Financial repression and funding a green revolution
Comment of the Day

April 14 2023

Commentary by Eoin Treacy

Financial repression and funding a green revolution

Thanks to a subscriber for this transcript of an interview with Russell Napier. Here is a section: 

So that’s where we are at the minute. I think they’re rushing round trying to do something piece-by-piece. I suspect that in the last-, since the blowout of gilt yields, I see a moving hand here, rather than someone playing whack-a-mole. I see a government, increasingly, that they’re somewhere in there, whether it’s in the treasury of somewhere else, that realises the direction of travel has to be financial repression. So, I think the best example of that in the UK is, I don’t know if he’s passed it yet, but Rishi Sunak was looked for the power to overhaul all our financial regulators to push that power into the hands of the prime minister. The question is why? As chancellor of the exchequer, this is not a power that he sought.

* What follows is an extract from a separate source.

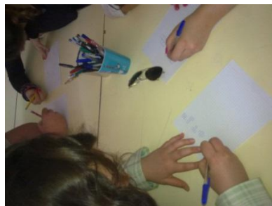
Figura 1. Descobrimo os pentaminós.

Material utilizado: Folha quadriculada A4, lápis e borracha. A turma foi dividida em grupos de quatro alunos (ver figura 1).

So, I think people are beginning to realise that, yes, you can go round and whack-a-mole, so it’s happening anyway, but there could come a time where we have to something more aggressive. For me, it’s pretty obvious what that aggressive is, which is forcing savings institutions to buy government bonds. That’s the core of a financial repression. We haven’t taken that giant leap yet, but I think since the crisis in the gilt market, there is evidence I think, that someone realises that that is where we might end up and they’re preparing to have to take that leap. To stress this is not a UK problem, it’s the entire developed world and actually, Japan might have to go first in terms of that major jump.

Eoin Treacy's view

Inflation running well above the prevailing interest rate for a prolonged period will improve government debt to GDP ratios. The caveat is the total debt cannot simultaneously continue to accelerate higher. That’s the route to hyperinflation. Therefore financial repression works by changing the weightings of where credit is created and pushes the burden from the public sector back onto the private sector.